Recorded data:
+-------+

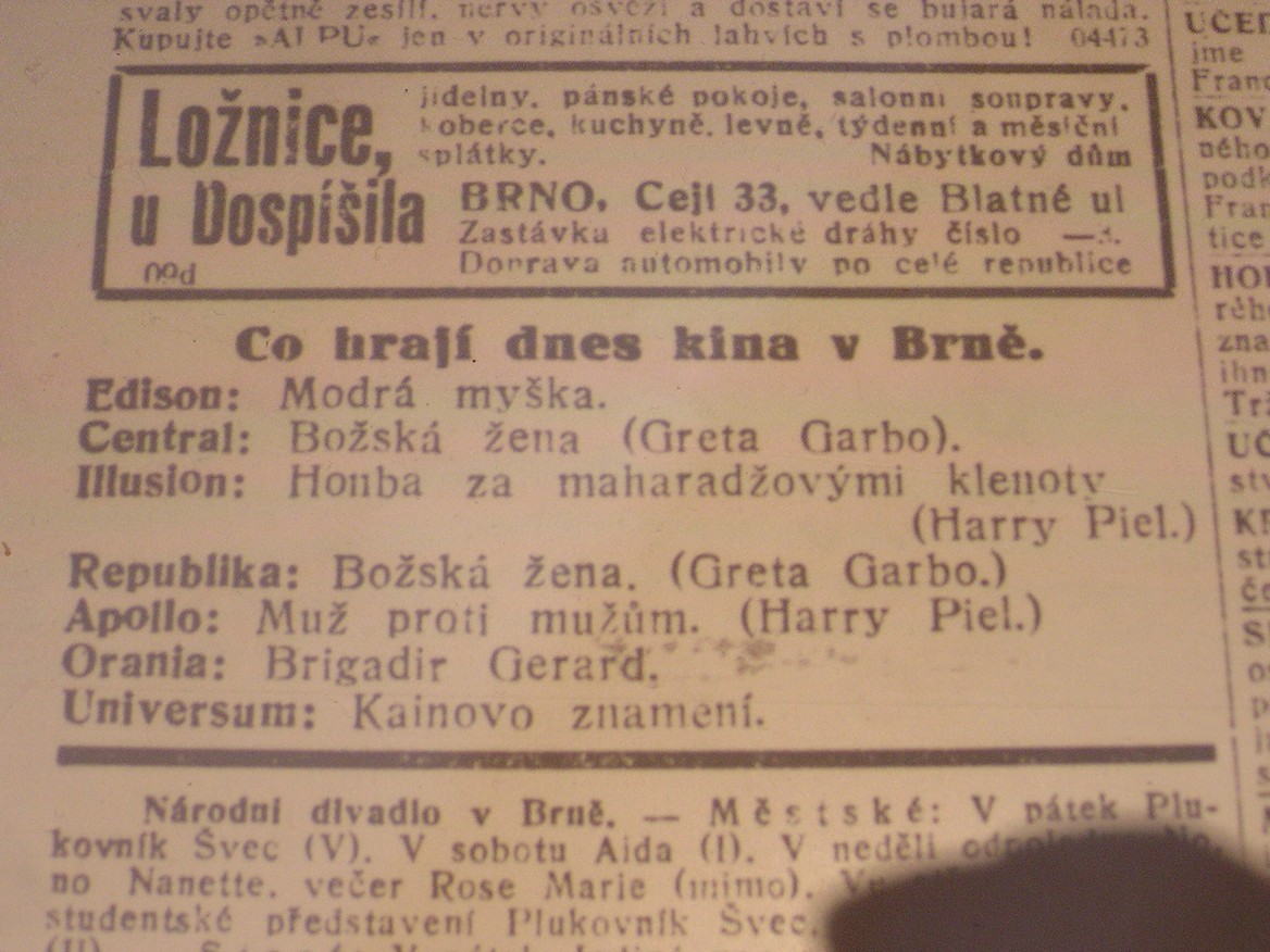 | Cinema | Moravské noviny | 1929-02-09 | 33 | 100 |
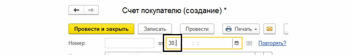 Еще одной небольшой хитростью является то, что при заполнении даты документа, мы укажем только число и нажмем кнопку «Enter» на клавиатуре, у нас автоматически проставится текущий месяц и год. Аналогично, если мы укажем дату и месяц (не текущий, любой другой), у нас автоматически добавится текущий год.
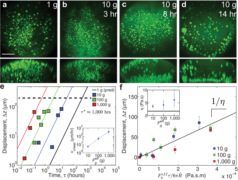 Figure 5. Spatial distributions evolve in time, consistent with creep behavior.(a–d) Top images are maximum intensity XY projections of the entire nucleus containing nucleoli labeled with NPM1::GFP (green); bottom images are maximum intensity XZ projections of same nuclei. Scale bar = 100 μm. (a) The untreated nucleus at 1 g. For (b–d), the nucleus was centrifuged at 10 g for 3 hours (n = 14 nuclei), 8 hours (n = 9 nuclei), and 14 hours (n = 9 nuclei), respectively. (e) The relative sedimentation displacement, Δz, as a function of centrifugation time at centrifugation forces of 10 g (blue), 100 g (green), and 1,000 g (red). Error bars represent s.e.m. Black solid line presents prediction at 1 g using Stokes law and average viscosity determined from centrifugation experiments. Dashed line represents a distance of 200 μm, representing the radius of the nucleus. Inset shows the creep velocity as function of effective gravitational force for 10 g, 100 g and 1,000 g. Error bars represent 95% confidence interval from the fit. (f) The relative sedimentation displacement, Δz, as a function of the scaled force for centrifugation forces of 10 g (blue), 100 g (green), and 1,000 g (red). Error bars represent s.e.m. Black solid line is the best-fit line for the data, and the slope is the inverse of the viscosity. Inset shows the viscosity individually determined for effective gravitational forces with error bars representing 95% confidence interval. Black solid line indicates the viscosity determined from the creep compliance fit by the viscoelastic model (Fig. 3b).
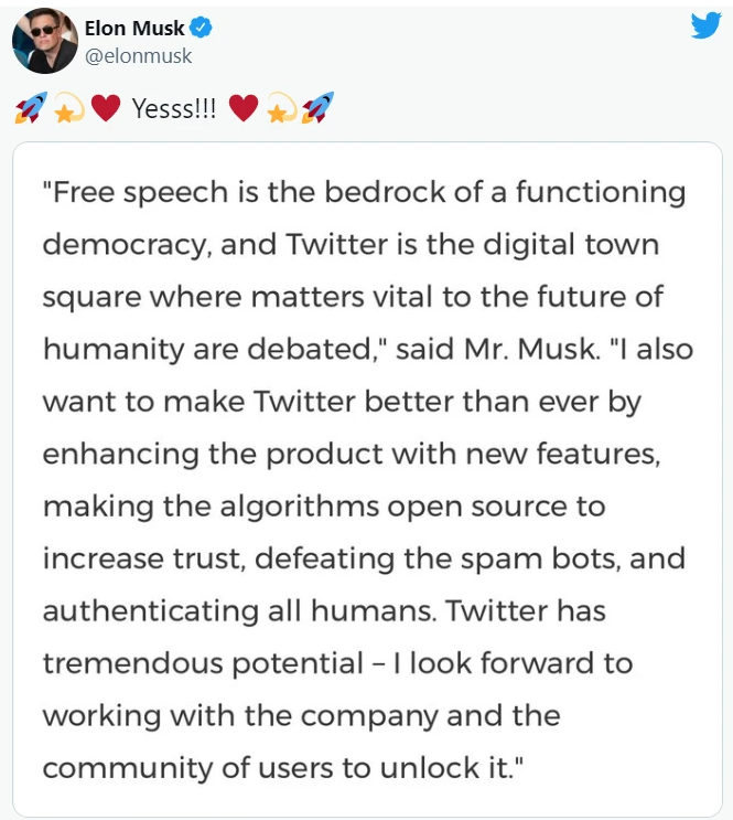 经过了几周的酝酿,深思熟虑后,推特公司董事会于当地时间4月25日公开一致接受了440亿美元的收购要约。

+-------+

Problem to work on:
Ending at the line with "Еще одной небольшой", reproduce exactly the lines that begin at the top of the data, and include no pictures.

Task output:
 | Cinema | Moravské noviny | 1929-02-09 | 33 | 100 |
 Еще одной небольшой хитростью является то, что при заполнении даты документа, мы укажем только число и нажмем кнопку «Enter» на клавиатуре, у нас автоматически проставится текущий месяц и год. Аналогично, если мы укажем дату и месяц (не текущий, любой другой), у нас автоматически добавится текущий год.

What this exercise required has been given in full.